WHAT TO WORK ON:
From the records below, print only the part that opens with the line containing "В 2010 году" and closes with the line containing "AreYouSure gives you"; omit the pictures.

RECORDS:
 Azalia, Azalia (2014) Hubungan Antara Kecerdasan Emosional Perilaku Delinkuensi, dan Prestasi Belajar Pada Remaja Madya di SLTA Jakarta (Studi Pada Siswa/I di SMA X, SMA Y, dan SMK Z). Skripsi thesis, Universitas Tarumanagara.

...

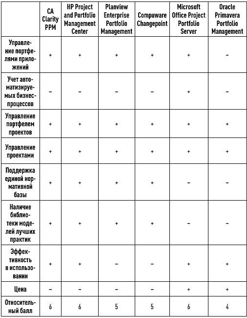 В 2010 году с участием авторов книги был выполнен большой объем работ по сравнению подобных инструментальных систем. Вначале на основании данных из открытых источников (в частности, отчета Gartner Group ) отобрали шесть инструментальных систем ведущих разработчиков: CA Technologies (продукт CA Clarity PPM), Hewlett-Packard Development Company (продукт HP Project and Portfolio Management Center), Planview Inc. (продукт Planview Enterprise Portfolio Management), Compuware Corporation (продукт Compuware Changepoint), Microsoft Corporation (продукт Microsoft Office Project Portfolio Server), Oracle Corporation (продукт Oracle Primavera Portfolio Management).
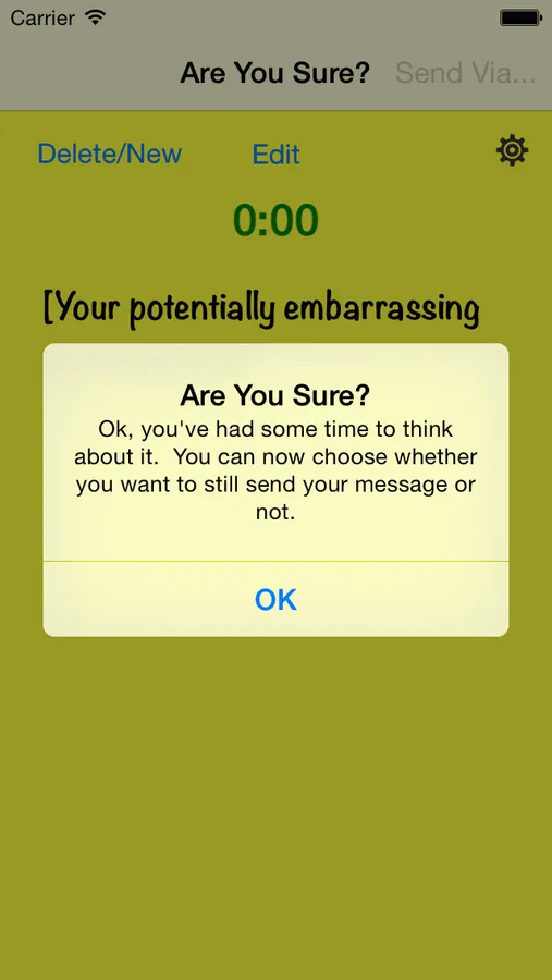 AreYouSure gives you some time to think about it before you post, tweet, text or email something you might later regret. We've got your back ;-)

WORKED SOLUTION:
 В 2010 году с участием авторов книги был выполнен большой объем работ по сравнению подобных инструментальных систем. Вначале на основании данных из открытых источников (в частности, отчета Gartner Group ) отобрали шесть инструментальных систем ведущих разработчиков: CA Technologies (продукт CA Clarity PPM), Hewlett-Packard Development Company (продукт HP Project and Portfolio Management Center), Planview Inc. (продукт Planview Enterprise Portfolio Management), Compuware Corporation (продукт Compuware Changepoint), Microsoft Corporation (продукт Microsoft Office Project Portfolio Server), Oracle Corporation (продукт Oracle Primavera Portfolio Management).
 AreYouSure gives you some time to think about it before you post, tweet, text or email something you might later regret. We've got your back ;-)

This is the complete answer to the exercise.